__MATERIAL PROVIDED__:
※ ※ ※

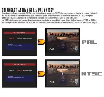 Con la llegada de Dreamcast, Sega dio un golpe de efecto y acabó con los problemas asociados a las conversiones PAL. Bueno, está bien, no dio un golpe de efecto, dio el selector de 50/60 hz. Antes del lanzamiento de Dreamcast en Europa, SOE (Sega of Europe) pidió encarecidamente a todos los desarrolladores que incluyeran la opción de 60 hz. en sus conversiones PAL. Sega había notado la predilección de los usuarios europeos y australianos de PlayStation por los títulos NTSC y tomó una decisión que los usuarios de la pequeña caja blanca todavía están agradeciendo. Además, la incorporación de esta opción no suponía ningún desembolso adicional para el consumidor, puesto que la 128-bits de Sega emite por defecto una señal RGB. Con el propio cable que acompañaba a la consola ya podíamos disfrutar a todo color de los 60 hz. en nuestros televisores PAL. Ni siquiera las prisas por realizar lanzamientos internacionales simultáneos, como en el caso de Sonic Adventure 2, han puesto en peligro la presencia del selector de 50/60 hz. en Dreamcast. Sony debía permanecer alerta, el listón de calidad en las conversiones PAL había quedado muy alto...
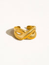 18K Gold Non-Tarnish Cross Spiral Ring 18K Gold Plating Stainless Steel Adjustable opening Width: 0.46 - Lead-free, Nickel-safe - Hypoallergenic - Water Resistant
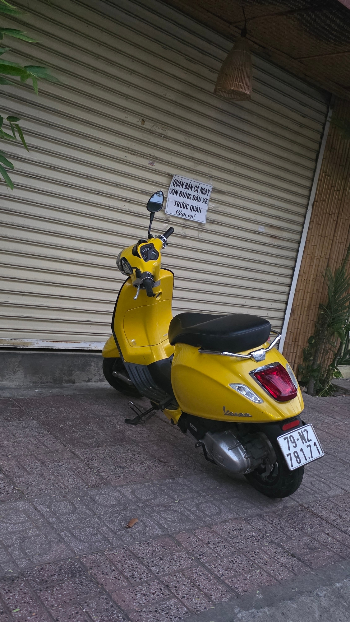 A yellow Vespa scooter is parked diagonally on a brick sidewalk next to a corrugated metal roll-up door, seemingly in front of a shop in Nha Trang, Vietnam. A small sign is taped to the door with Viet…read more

※ ※ ※

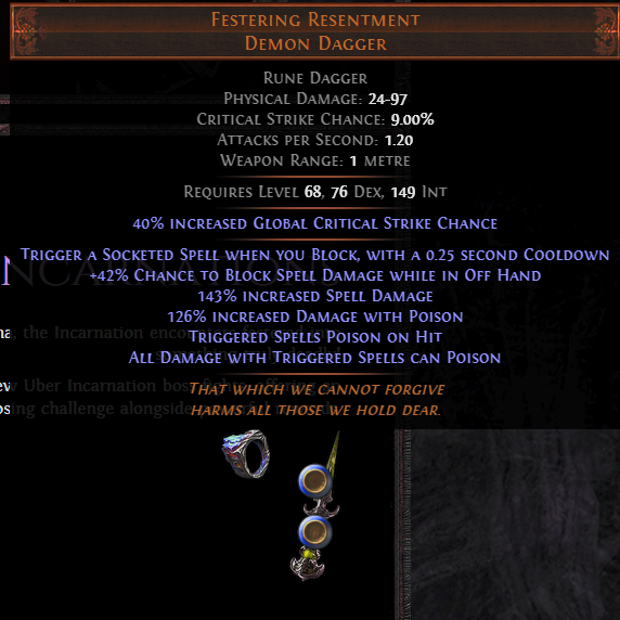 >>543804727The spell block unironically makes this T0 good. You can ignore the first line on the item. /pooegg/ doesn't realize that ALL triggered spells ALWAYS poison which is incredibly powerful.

※ ※ ※

__WORK TASK__: Reproduce the lines above starting at the one with "18K Gold Non-Tarnish" and ending at the one with "A yellow Vespa", both included, exactly and with no pictures.

__OUTPUT FOR THIS EXERCISE__:
 18K Gold Non-Tarnish Cross Spiral Ring 18K Gold Plating Stainless Steel Adjustable opening Width: 0.46 - Lead-free, Nickel-safe - Hypoallergenic - Water Resistant
 A yellow Vespa scooter is parked diagonally on a brick sidewalk next to a corrugated metal roll-up door, seemingly in front of a shop in Nha Trang, Vietnam. A small sign is taped to the door with Viet…read more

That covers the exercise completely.